いや確かにゴーストは消えちゃいましたけど」
「うむ、さっきワシが叩き伏せて……」
「あの!」
私じゃ話が進まないと判断したのか、スフィルが大きな声で割り込んで来た。
「む、どうしたのだ?」
「あなたのしてたこの首飾りって、あなたの物なんですか?」
スフィルの手にはさっきの首飾りが乗っている。
「いや、違うぞ。それは少し前に拾った物だ」
「……どういう事ですか?」
詳しく話を聞いてみると、この首飾りはさっき道端で拾った物で、騎士団の詰め所に落し物として届けに行く途中だったと言う。

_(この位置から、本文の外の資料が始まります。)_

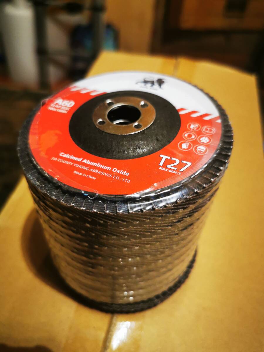 - 12枚(鉄工用) フラップディスク #60/内径15mm 100mmグラインダー用 カーボンプレート (強化)焼成酸化アルミナ ペーパーディスク
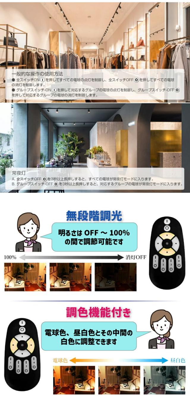 1.【調光調色機能付き】無段階調光調色可能で、温かみのある電球色、清々しい昼光色、その中間の白色に調整でき、お好みに合わせて思いのままに灯りをコントロールできます。常夜灯モードにも対応しています。美しいだけでなく省電力も実現。調光で80%の節電。 2.4GHz無線式リモコンで複数のライトをグループ分けし、グループ内に登録したライトの明るさ・色を調節できます。離れたところからでもリモコンで簡単にON/OFF、明るさ調整できます。
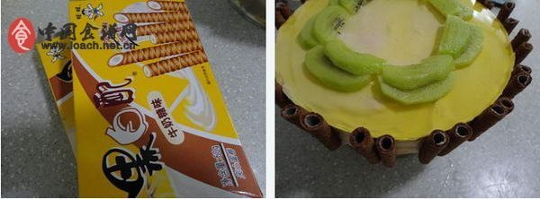 1、用電吹風(fēng)沿著模具周圍吹一會(huì),或者用熱毛巾捂一會(huì)就能脫模了。取出蛋糕,在周圍粘上蛋卷。擺上
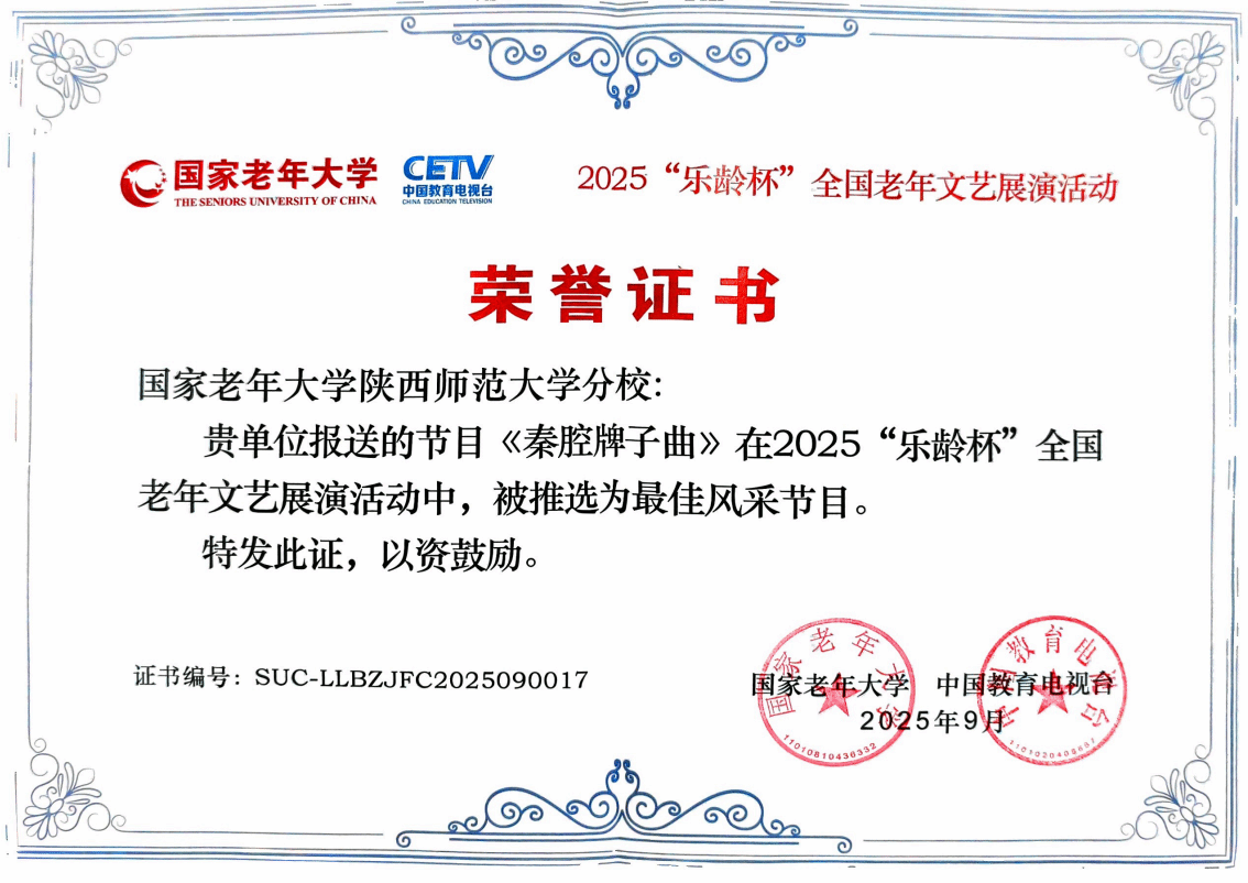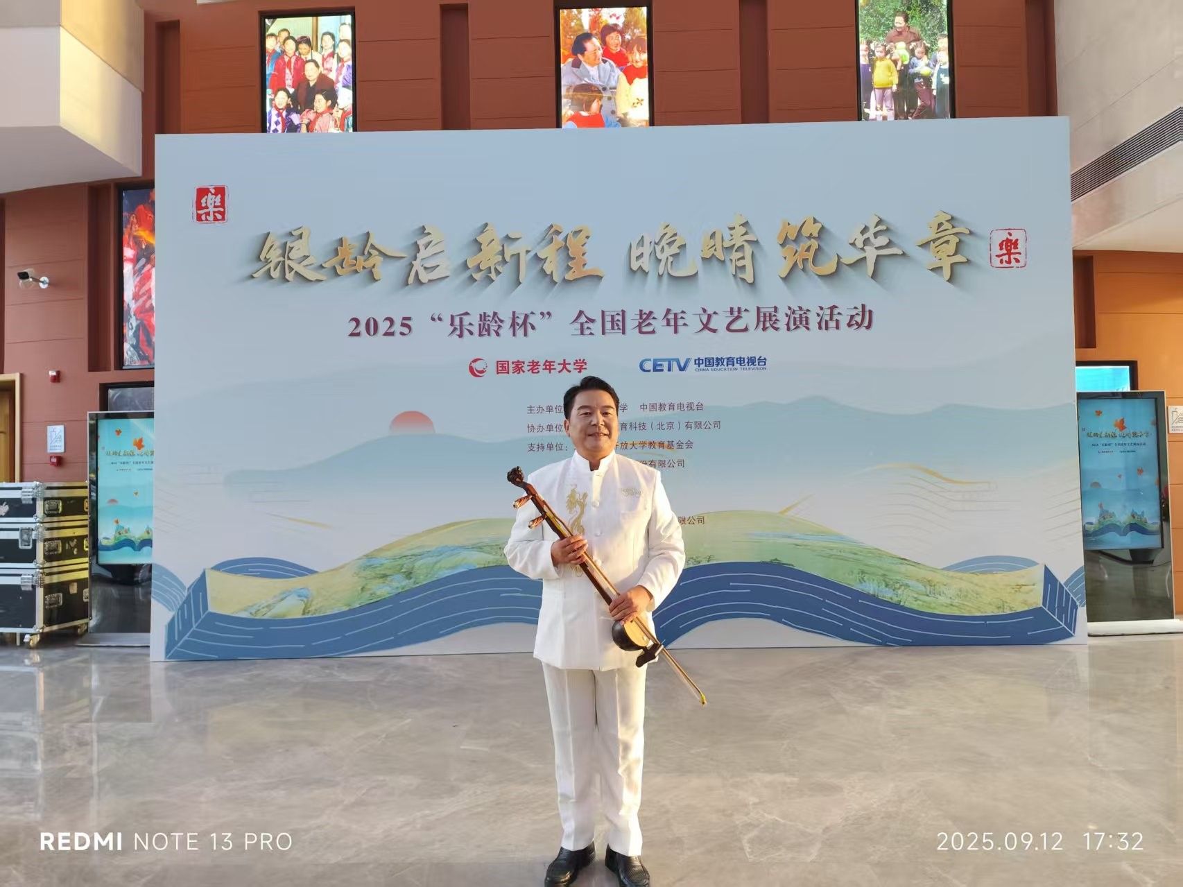 9月12日,2025“乐龄杯”全国老年文艺展演活动在北京圆满落幕。我校老年大学推选的、由离退休职工工作处副处长崔创独奏的《秦腔牌子曲》成功入围全国总展演,并荣获“最佳风采节目”。
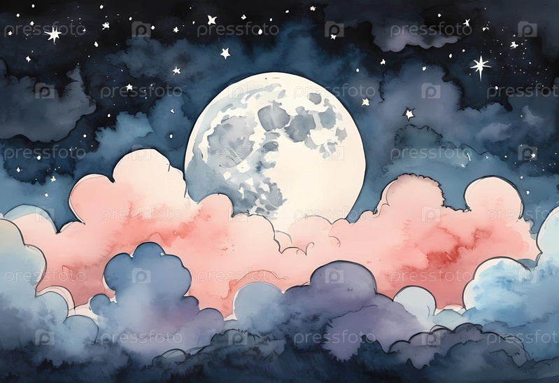 Странное акварельное ночное небо с сияющей луной и нежными облаками, приглашающее к творчеству и созерцанию
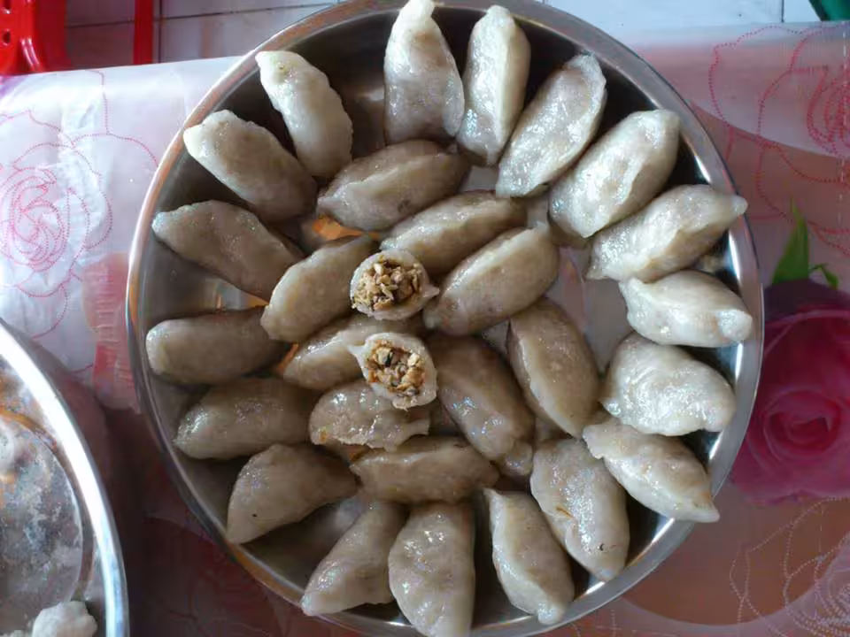 今天跟大家分享我的家鄉美食筍粄製作過程。我們的客家粄涵蓋的種類很多,有用大米做的,也有用糯米粉做的,還有用木薯粉做,經過不同的加工手法製作出來,品種有200款之多。地道的客家粄,首先選料要精,如優質米細細研磨成漿才能蒸出透明爽滑的米反皮,餡料用時鮮蔬果;然後製作也要精,做米粄用的米漿一定要細磨,一點也不能含糊。
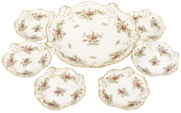 05.03 Bol și șase farfurii pentru alune, bordură lobată, porțelan traforat, decorat în relief cu flori și aur, marcate Rosenthal, elemente neorococo
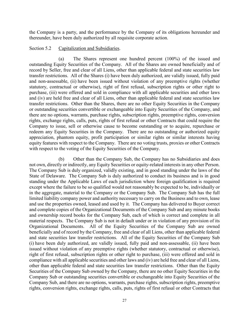 27 the Company is a party, and the performance by the Company of its obligations hereunder and thereunder, have been duly authorized by all requisite corporate action. Section 5.2 Capitalization and Subsidiaries. (a) The Shares represent one hundred percent (100%) of the issued and outstanding Equity Securities of the Company. All of the Shares are owned beneficially and of record by Seller, free and clear of all Liens, other than applicable federal and state securities law transfer restrictions. All of the Shares (i) have been duly authorized, are validly issued, fully paid and non-assessable, (ii) have been issued without violation of any preemptive rights (whether statutory, contractual or otherwise), right of first refusal, subscription rights or other right to purchase, (iii) were offered and sold in compliance with all applicable securities and other laws and (iv) are held free and clear of all Liens, other than applicable federal and state securities law transfer restrictions. Other than the Shares, there are no other Equity Securities in the Company or outstanding securities convertible or exchangeable into Equity Securities of the Company, and there are no options, warrants, purchase rights, subscription rights, preemptive rights, conversion rights, exchange rights, calls, puts, rights of first refusal or other Contracts that could require the Company to issue, sell or otherwise cause to become outstanding or to acquire, repurchase or redeem any Equity Securities in the Company. There are no outstanding or authorized equity appreciation, phantom equity, profit participation or similar rights or similar interests having equity features with respect to the Company. There are no voting trusts, proxies or other Contracts with respect to the voting of the Equity Securities of the Company. (b) Other than the Company Sub, the Company has no Subsidiaries and does not own, directly or indirectly, any Equity Securities or equity-related interests in any other Person. The Company Sub is duly organized, validly existing, and in good standing under the laws of the State of Delaware. The Company Sub is duly authorized to conduct its business and is in good standing under the Applicable Laws of each jurisdiction where foreign qualification is required except where the failure to be so qualified would not reasonably be expected to be, individually or in the aggregate, material to the Company or the Company Sub. The Company Sub has the full limited liability company power and authority necessary to carry on the Business and to own, lease and use the properties owned, leased and used by it. The Company has delivered to Buyer correct and complete copies of the Organizational Documents of the Company Sub and any minute books and ownership record books for the Company Sub, each of which is correct and complete in all material respects. The Company Sub is not in default under or in violation of any provision of its Organizational Documents. All of the Equity Securities of the Company Sub are owned beneficially and of record by the Company, free and clear of all Liens, other than applicable federal and state securities law transfer restrictions. All of the Equity Securities of the Company Sub (i) have been duly authorized, are validly issued, fully paid and non-assessable, (ii) have been issued without violation of any preemptive rights (whether statutory, contractual or otherwise), right of first refusal, subscription rights or other right to purchase, (iii) were offered and sold in compliance with all applicable securities and other laws and (iv) are held free and clear of all Liens, other than applicable federal and state securities law transfer restrictions. Other than the Equity Securities of the Company Sub owned by the Company, there are no other Equity Securities in the Company Sub or outstanding securities convertible or exchangeable into Equity Securities of the Company Sub, and there are no options, warrants, purchase rights, subscription rights, preemptive rights, conversion rights, exchange rights, calls, puts, rights of first refusal or other Contracts that

「その途中、この近くを通り掛ってな。ゴーストめの気配を感じたので少々使わせてもらう事にしたのだ。
いや、噂に違わぬ素晴らしい効果よ」
そう言って、がはははと笑う親分さんに、スフィルが落とし主にそれを返しに行くからついて来て欲しいと告げると、それはあっさりと了承してもらえた。
それじゃスフィル、案内よろしくー。
この話のために、ぐーぐる先生でポージングで画像検索して……。
ムキムキでした。
ムキムキでした。
ムキムキでした。
以下補足:
親分さんがゴーストを素手で吹っ飛ばしてますが、それは首飾りの効果による物です。
有名なアイテムだが滅多に手に入るものではない、と言う設定。